Provided the second gas is well chosen, such mixtures exhibit
properties which render them peculiarly valuable for special purposes.
They have, usually, a far lower upper limit of explosibility than that of
neat acetylene, and they admit of safe compression to an extent greatly
exceeding that of acetylene itself, while they do not lose illuminating
power on compression. The second characteristic is most important, and
depends on the phenomena of "partial pressure," which have been referred
to in Chapter VI. When a single gas is stored at atmospheric pressure, it
is insensibly withstanding on all sides and in all directions a pressure
of roughly 15 lb. per square inch, which is the weight of the atmosphere
at sea-level; and when a mixture of two gases, X and Y, in equal volumes
is similarly stored it, regarded as an entity, is also supporting a
pressure of 15 lb. per square inch. But in every 1 volume of that mixture
there is only half a volume of X and Y each; and, ignoring the presence
of its partner, each half-volume is evenly distributed throughout a space
of 1 volume.

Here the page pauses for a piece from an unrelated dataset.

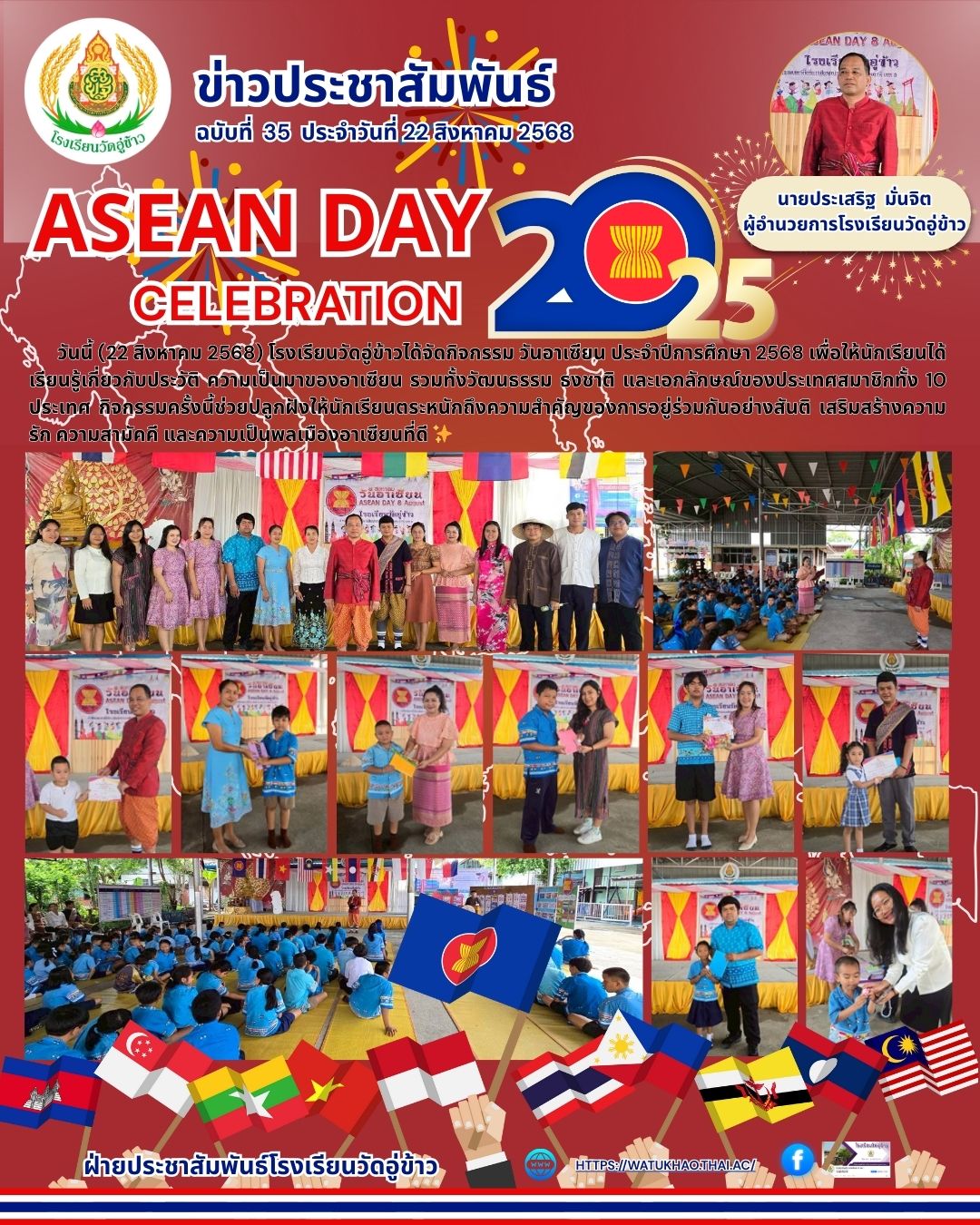 วันนี้ (22 สิงหาคม 2568) โรงเรียนวัดอู่ข้าวได้จัดกิจกรรม วันอาเซียน ประจำปีการศึกษา 2568 เพื่อให้นักเรียนได้เรียนรู้เกี่ยวกับประวัติ ความเป็นมาของอาเซียน รวมทั้งวัฒนธรรม ธงชาติ และเอกลักษณ์ของประเทศสมาชิกทั้ง 10 ประเทศ กิจกรรมครั้งนี้ช่วยปลูกฝังให้นักเรียนตระหนักถึงความสำคัญของการอยู่ร่วมกันอย่างสันติ เสริมสร้างความรัก ความสามัคคี และความเป็นพลเมืองอาเซียนที่ดี ?https://static.xx.fbcdn.net/images/emoji.php/v9/tf4/1/16/2728.png" style="border-end-end-radius:0px; border-end-start-radius:0px; border-start-end-radius:0px; border-start-start-radius:0px; border:0px; height:16px; object-fit:fill; width:16px" />

But since the volume of a gas stands in inverse ratio to the
pressure under which it is stored, the half-volume of X in the 1 volume
of X + Y apparently stands at a pressure of half an atmosphere, for it
has expanded till it fills, from a chemical and physical aspect, the
space of 1 volume: suitable tests proving that it exhibits the properties
which a gas stored at a pressure of half an atmosphere should do.